• _Problem description_
Starting at the line that contains "- Includes 100" and stopping at the line that contains "add column ...", transcribe every line of the material below exactly; pictures stay out.

• _Records for the task_

Start of Block

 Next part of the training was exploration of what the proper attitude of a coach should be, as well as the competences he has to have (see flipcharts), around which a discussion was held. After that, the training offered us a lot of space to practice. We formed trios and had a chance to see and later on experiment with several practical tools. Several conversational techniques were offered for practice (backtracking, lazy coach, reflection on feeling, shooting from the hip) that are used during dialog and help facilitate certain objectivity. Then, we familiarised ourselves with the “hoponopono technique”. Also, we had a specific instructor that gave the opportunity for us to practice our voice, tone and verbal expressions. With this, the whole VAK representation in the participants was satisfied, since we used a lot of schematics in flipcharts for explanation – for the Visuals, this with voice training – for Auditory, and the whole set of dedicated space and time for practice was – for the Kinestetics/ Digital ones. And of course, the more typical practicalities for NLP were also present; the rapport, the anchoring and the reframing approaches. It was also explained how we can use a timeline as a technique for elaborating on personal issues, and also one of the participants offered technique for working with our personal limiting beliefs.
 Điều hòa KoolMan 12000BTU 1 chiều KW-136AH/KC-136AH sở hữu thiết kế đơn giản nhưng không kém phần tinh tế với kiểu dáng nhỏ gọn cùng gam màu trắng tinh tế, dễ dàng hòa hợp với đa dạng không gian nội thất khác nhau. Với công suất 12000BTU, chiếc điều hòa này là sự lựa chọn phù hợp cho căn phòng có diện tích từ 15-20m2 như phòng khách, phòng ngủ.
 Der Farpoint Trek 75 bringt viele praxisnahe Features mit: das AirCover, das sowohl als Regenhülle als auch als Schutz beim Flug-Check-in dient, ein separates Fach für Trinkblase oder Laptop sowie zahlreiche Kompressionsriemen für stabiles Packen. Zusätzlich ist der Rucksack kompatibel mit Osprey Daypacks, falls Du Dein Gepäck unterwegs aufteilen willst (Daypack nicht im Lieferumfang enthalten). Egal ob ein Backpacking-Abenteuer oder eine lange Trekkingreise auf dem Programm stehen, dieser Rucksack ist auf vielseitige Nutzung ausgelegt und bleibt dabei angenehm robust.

End of Block
Start of Block

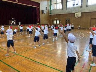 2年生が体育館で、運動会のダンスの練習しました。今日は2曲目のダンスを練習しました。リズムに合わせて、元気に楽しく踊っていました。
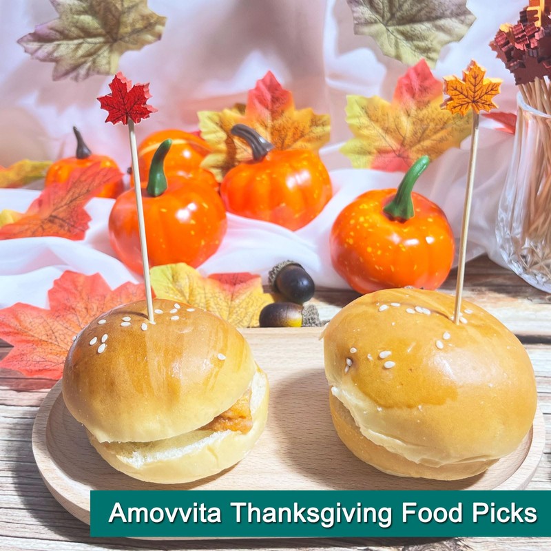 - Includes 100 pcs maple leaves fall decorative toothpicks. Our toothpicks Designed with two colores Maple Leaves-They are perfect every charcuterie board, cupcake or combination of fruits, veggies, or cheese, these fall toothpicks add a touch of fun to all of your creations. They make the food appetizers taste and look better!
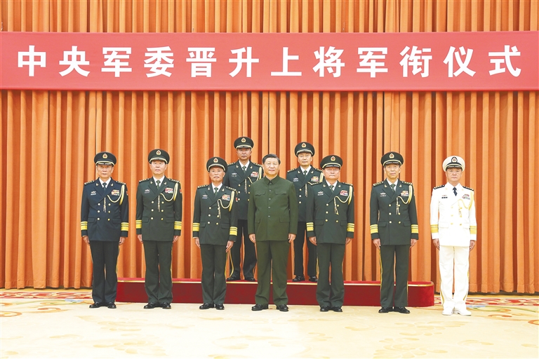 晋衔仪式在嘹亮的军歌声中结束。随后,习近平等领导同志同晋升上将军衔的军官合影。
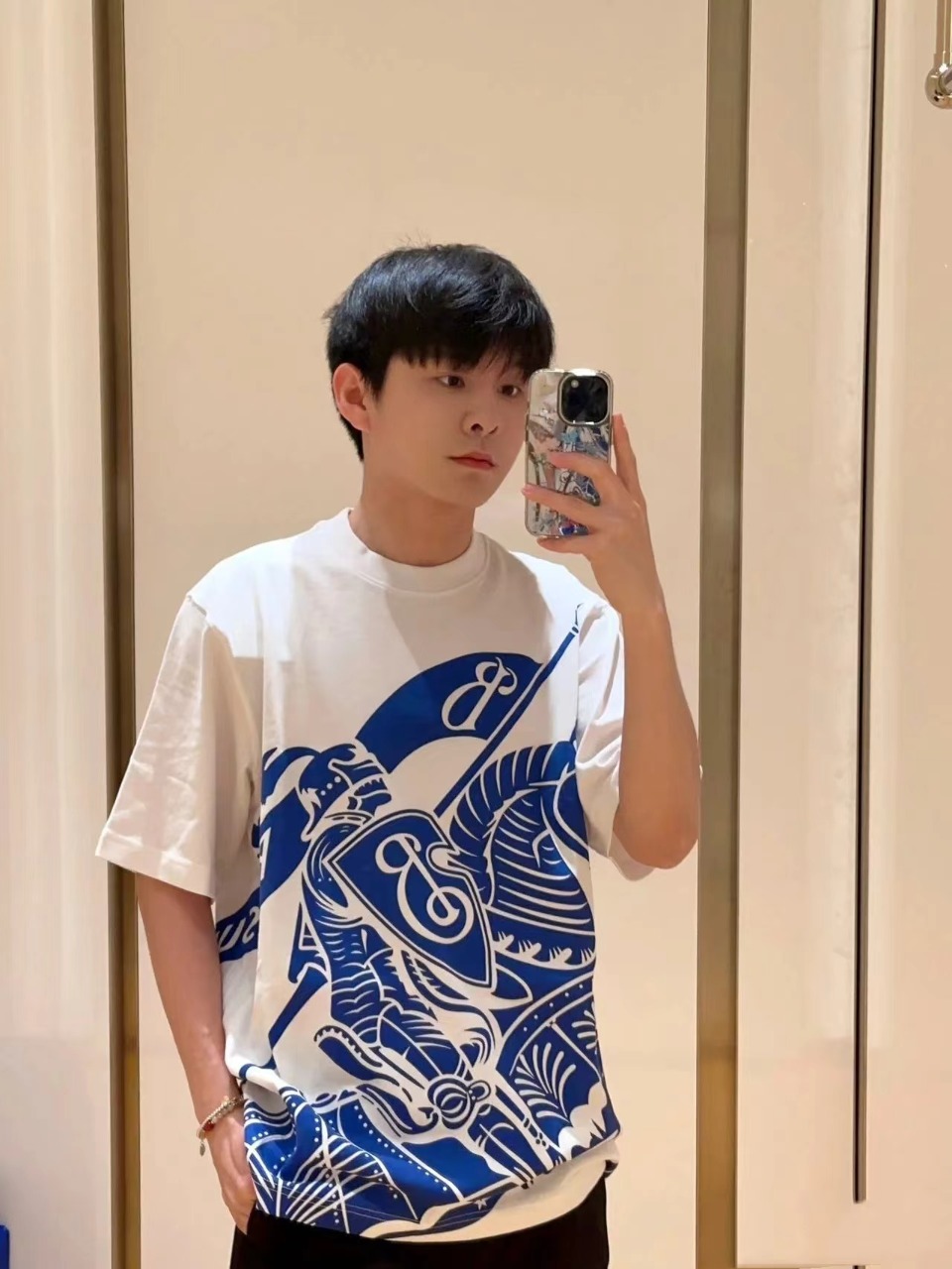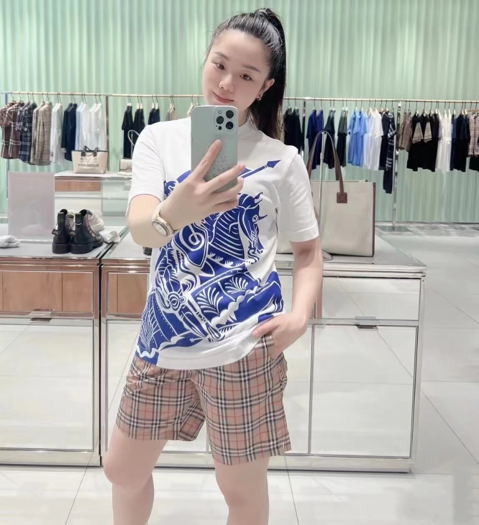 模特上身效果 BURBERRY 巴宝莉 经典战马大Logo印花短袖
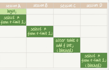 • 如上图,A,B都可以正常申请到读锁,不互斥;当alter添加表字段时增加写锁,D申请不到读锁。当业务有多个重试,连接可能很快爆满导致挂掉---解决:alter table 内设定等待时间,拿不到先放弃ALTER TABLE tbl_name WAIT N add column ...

End of Block

• _Result_
 - Includes 100 pcs maple leaves fall decorative toothpicks. Our toothpicks Designed with two colores Maple Leaves-They are perfect every charcuterie board, cupcake or combination of fruits, veggies, or cheese, these fall toothpicks add a touch of fun to all of your creations. They make the food appetizers taste and look better!
 晋衔仪式在嘹亮的军歌声中结束。随后,习近平等领导同志同晋升上将军衔的军官合影。
 模特上身效果 BURBERRY 巴宝莉 经典战马大Logo印花短袖
 • 如上图,A,B都可以正常申请到读锁,不互斥;当alter添加表字段时增加写锁,D申请不到读锁。当业务有多个重试,连接可能很快爆满导致挂掉---解决:alter table 内设定等待时间,拿不到先放弃ALTER TABLE tbl_name WAIT N add column ...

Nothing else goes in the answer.